In this instance, by converting the image data into a binary form, the shape of the cross section of the cream solder can be detected more exactly. In this case, brightness of pixels corresponding to a thickness that needs to be detected is found on the basis of the curves h1 through h6 corresponding to the intensity of infrared light irradiated from the illumination device 5 and the image data is converted into a binary form using the value thus found as the threshold value. Consequently, it becomes possible to acquire binary data representing the cross section of the cream solder in the predetermined thickness.

Operation of Inspecting Apparatus

An inspection operation by the inspecting apparatus 1 of this embodiment will be now described with reference to FIG. 22.

Steps S201 through 5204 are respectively the same as Steps S1 through S4 (see FIG. 13) of the first embodiment above. Image data in which light intensity of each pixel is expressed by gradation is generated by the processing to generate the image data in Step S204. Herein, the respective pixels of the image taking device 6 are aligned, for example, in a matrix fashion.
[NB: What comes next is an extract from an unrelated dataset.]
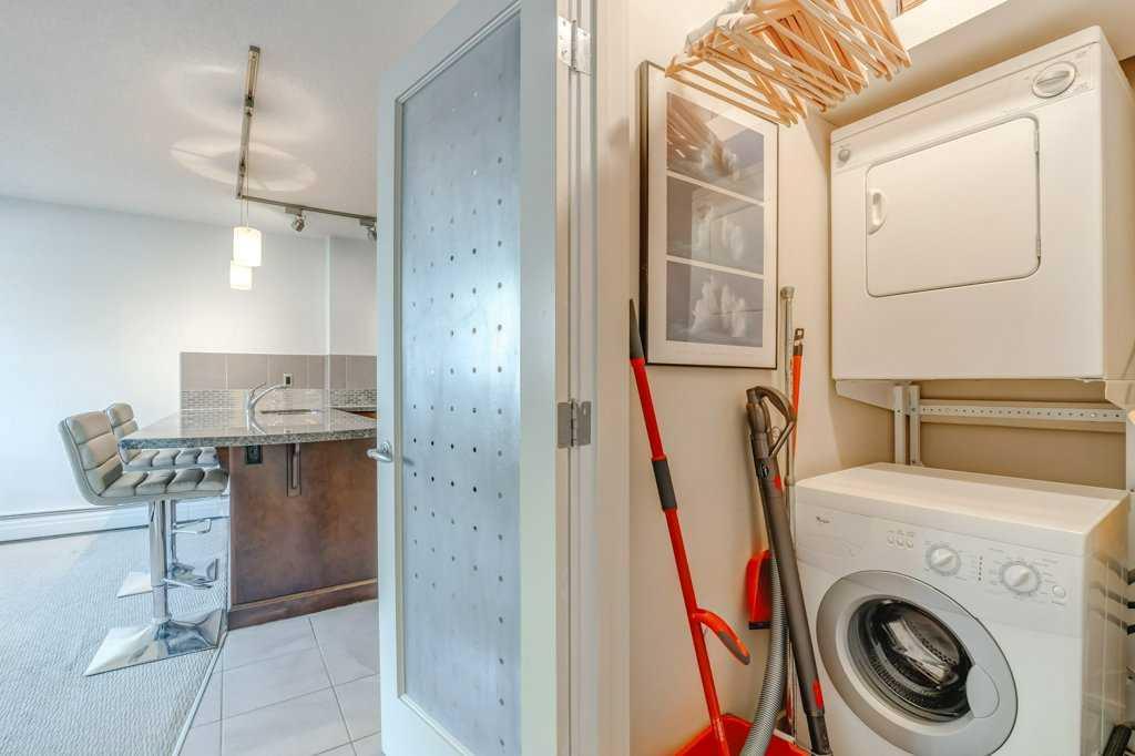 This is a fantastic opportunity for investors, or those looking for their first home. This one bedroom, one bathroom unit has large windows with security film for privacy, and a light filtering blind in the living room. The roomy kitchen has a great layout, featuring granite counters, stainless steel appliances and plenty of storage. The granite vanity counter in the 4-piece bathroom adds a luxurious touch, and the toilet was recently replaced. The bedroom closet has a built-in organizer for efficient use of space and added organization. Enjoy the highly sought-after convenience of in-suite laundry! Despite its proximity to 17th Ave, the building is on a quiet street. The residents have a sense of community and pride, offering a positive and welcoming atmosphere. The building is well managed with a good reserve fund and has had updates including a high efficiency hot water tank. The location of this property is absolutely perfect for those who enjoy the vibrancy of 17th Ave, with the convenience of walking distance to downtown and also close to LRT. There are events to enjoy at the community centre, such as farmers markets, planting days, and festivals. This property is a must see, so book your private showing before it’s gone! (id:22211)

When the image data is generated, in order to covert the image data into a binary form using a predetermined threshold, the digitizing portion 98b in the main control portion 98 acquires the image data generated in the image taking portion 98a and mask data about a mask used in the printing device 101 when applying the cream solder onto the board whose image was taken (Step S205). The mask data includes information about the position and the shape of an opening in the mask, that is, the position and the shape of the cream solder applied on the board.

Upon acquisition of the image data and the mask data, the digitizing portion 98b cuts out image data of a region corresponding to the cream solder (target shape K) whose cross section is to be detected based on the image data generated by the image taking portion 98a (Step S206). The position of the target shape K is specified on the basis of the mask data and the image data in a region including the target shape K, for example, image data of a matrix with I rows and J columns of pixels can be acquired.

Having cut out the image data including the target shape K, the digitizing portion 98b converts the image data into a binary form using predetermined brightness as the threshold value (Step S207). Herein, the threshold value is set according to the thickness of the cross section of the cream solder that needs to be acquired on the basis, for example, of the characteristic diagram as shown in FIG. 11 described above. Hence, by changing the threshold value, it is possible to obtain binary data of cross sections in various thicknesses from one item of the image data.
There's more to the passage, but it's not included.